Task objective:
Make an exact copy of the lines from the one containing "中山大學(xué)國家數(s" through the end of the material, including both ends but no pictures.
+++ Data section
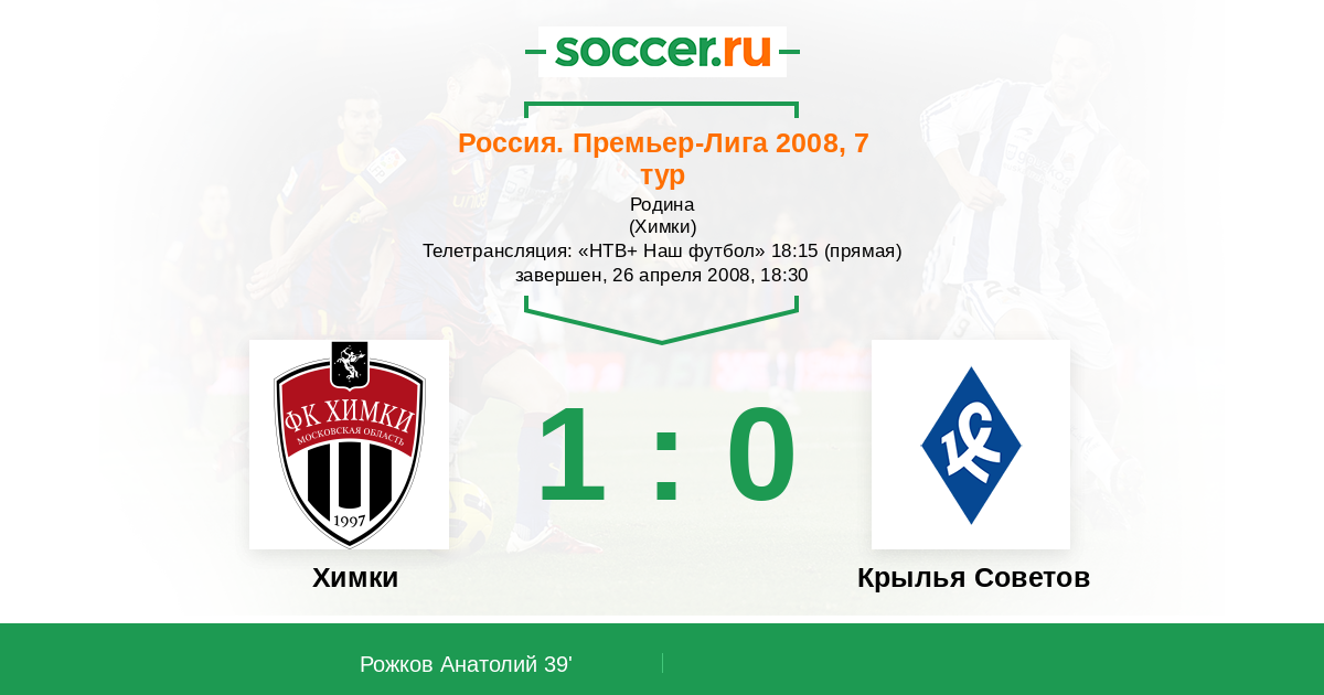 Протокол матча Химки против Крылья Советов
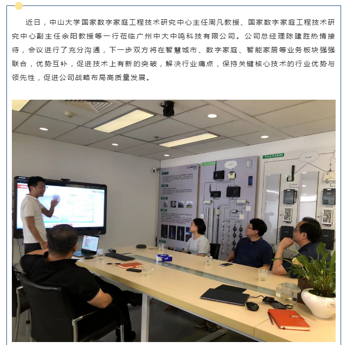 中山大學(xué)國家數(shù)字家庭工程技術(shù)研究中心團隊蒞臨中鳴科技
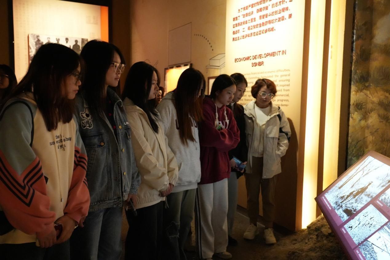 调研第一站来到的是延安革命纪念馆。师生们沉浸于大量的文献、影像资料中,跟随讲解员全面学习了中共中央在延安十三年领导全国革命走向胜利的光辉事迹,有学生感慨:“还好有当年的那些记录者,我们才可以见微知著,再次感受曾经艰苦卓绝却又波澜壮阔的革命时代”。
++++++
Solution for this exercise:
 中山大學(xué)國家數(shù)字家庭工程技術(shù)研究中心團隊蒞臨中鳴科技
 调研第一站来到的是延安革命纪念馆。师生们沉浸于大量的文献、影像资料中,跟随讲解员全面学习了中共中央在延安十三年领导全国革命走向胜利的光辉事迹,有学生感慨:“还好有当年的那些记录者,我们才可以见微知著,再次感受曾经艰苦卓绝却又波澜壮阔的革命时代”。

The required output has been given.